=== Exercise details ===
Each line of the listing below that includes "splint" should be reported.

=== Entries provided ===
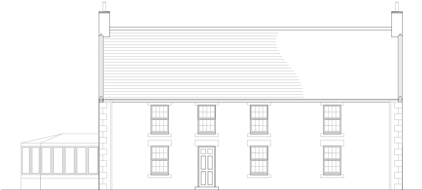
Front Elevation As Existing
...
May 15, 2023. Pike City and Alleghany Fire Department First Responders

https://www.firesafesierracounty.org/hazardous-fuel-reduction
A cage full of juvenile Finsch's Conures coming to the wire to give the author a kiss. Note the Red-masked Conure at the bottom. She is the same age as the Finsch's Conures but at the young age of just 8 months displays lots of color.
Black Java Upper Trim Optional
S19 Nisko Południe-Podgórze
==
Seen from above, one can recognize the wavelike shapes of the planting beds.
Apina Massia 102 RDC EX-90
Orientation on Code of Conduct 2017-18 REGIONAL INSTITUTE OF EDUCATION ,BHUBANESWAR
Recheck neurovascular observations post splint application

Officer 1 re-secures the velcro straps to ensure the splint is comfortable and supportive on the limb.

=== Solution for this exercise ===
Recheck neurovascular observations post splint application
Officer 1 re-secures the velcro straps to ensure the splint is comfortable and supportive on the limb.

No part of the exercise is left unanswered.